Áñez était censé diriger un gouvernement de transition jusqu'à de nouvelles élections, mais celles-ci ont été reportées quatre fois sous prétexte de l'impossibilité de se dérouler au milieu de la pandémie de COVID-19 du modèle construit par le MAS. Désormais, elles auront finalement lieu le 18 prochain. Luis Arce est en tête des sondages, devant à la deuxième place, l'incontournable Carlos Mesa. Avec le retrait de l'actuel président de la participation à l'élection, la droite bolivienne est moins divisée et la victoire d'Arce au premier tour, qui était encore en vue il y a quelques jours, ne devrait pas se produire.
Si Arce sort vainqueur de ces élections, ce sera le premier cas de la nouvelle vague de coups d'État latino-américains à être défait aux urnes. Mais même si le MAS revient au pouvoir, ses contradictions et ses impasses ne disparaîtront pas du jour au lendemain. Comme dans le cas d'autres pays de la région, le modèle de développement bolivien repose sur l'exportation de produits primaires. Le cycle primaire-progressif qui s'est terminé a investi dans l'investissement des revenus tirés de la vente de ces produits dans les politiques et les infrastructures d'inclusion sociale. Et au cours de ce cycle, la Chine est devenue le plus grand partenaire commercial de la région. L'un des sens des coups d'État récents est la garantie d'une appropriation privée de ces revenus par les élites locales et les multinationales, de préférence américaines et européennes.
S'il est vrai que le modèle des progressistes roses peut sembler moins pire que celui des multinationales, il s'est révélé insuffisant et limité pour sortir les pays latino-américains de leur situation historique de dépendance. Le cas le plus radical de ce piège est le Venezuela, qui a inspiré l'anthropologue Fernando Coronil dans son L'État magique : nature, argent et modernité au Venezuela parler de « sociétés exportatrices de la nature ». Pour l'instant, là où ils sont revenus (comme en Argentine) et là où ils ne sont pas encore revenus (comme en Bolivie et au Brésil) au pouvoir, il ne semble pas y avoir de remise en cause de la part des forces progressistes latino-américaines du primaire -modèle d'exportation qu'ils ont mis en marche au début de ce siècle.

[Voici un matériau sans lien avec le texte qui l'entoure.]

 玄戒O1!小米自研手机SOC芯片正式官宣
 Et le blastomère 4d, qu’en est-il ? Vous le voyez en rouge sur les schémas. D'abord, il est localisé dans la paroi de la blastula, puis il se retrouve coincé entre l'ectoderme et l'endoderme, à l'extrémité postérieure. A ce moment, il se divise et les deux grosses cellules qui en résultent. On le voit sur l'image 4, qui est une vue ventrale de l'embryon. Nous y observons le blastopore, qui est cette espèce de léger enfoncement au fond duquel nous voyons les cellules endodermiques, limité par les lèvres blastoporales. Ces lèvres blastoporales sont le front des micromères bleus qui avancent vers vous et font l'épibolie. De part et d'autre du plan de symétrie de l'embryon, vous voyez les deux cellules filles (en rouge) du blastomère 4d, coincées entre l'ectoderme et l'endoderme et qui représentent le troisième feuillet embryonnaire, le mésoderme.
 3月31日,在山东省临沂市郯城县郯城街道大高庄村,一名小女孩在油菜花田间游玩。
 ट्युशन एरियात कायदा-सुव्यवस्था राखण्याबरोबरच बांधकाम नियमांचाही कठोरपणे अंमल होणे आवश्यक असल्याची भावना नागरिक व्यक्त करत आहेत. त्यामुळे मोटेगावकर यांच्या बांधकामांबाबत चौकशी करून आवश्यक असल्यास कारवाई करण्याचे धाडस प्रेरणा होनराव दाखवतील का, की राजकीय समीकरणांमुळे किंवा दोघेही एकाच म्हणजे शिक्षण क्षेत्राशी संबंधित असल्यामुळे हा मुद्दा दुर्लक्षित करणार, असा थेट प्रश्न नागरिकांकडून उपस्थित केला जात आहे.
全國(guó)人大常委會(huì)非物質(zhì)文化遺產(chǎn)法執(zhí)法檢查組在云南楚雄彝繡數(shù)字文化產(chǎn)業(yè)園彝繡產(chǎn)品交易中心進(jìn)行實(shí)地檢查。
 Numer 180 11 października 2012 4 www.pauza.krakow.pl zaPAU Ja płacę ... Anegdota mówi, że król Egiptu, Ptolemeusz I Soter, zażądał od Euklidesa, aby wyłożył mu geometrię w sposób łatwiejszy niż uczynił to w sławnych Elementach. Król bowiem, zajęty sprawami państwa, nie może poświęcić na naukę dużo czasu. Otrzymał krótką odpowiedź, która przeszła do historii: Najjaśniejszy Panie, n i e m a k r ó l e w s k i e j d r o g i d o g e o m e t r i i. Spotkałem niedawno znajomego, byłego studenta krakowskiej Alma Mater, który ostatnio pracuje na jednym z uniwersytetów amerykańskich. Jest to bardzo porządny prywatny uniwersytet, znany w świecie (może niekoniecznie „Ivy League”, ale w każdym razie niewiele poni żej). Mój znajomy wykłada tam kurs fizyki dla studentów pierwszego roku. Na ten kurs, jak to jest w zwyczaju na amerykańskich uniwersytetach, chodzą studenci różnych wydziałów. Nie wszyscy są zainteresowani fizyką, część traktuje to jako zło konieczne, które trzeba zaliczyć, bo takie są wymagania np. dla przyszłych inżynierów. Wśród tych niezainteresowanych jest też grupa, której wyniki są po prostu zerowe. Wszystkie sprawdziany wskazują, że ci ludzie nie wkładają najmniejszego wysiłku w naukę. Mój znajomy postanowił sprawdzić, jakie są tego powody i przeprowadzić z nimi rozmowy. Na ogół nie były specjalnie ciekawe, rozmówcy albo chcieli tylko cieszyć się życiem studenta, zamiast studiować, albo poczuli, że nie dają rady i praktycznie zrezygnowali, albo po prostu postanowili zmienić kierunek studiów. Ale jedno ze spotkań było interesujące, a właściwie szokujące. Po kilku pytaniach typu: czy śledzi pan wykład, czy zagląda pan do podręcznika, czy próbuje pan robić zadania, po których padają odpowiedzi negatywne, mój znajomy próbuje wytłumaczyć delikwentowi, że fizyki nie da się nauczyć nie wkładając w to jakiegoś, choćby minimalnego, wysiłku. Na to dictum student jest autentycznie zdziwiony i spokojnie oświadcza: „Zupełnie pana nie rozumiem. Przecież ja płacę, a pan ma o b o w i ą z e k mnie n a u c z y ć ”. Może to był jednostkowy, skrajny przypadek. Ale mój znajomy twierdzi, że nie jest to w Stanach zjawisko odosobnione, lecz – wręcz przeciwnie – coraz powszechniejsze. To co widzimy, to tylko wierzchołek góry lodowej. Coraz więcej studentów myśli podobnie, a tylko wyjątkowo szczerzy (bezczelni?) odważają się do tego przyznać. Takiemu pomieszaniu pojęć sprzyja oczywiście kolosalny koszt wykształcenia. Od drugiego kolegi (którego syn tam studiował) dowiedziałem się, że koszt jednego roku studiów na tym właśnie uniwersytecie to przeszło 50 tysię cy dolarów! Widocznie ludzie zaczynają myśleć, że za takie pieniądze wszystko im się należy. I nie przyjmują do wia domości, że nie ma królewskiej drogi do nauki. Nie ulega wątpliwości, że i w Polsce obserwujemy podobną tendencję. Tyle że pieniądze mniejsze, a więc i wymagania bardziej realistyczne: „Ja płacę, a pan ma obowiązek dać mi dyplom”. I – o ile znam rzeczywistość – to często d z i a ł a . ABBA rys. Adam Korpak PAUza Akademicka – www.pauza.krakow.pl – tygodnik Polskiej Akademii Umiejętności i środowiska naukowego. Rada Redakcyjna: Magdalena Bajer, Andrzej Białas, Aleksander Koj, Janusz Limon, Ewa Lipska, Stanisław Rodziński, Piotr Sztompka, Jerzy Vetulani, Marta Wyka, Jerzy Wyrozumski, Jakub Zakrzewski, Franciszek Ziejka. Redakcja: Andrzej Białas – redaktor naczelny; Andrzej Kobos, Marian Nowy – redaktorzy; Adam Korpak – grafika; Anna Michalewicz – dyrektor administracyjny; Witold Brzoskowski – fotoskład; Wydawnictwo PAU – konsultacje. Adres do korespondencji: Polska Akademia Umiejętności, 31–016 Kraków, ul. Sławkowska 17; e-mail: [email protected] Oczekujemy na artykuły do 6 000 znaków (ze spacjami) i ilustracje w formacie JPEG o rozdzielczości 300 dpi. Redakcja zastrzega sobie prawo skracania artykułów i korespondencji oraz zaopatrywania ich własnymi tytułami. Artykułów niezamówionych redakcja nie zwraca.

* Ricardo Pagliuso Regatieri est professeur au Département de sociologie de l'Université fédérale de Bahia (UFBA).
* Nataly Sousa Pinho est étudiante diplômée en sciences sociales à l'Université fédérale de Bahia (UFBA).
* Tainã Pacheco Caires est diplômée du baccalauréat interdisciplinaire en sciences humaines de l'Université fédérale de Bahia (UFBA).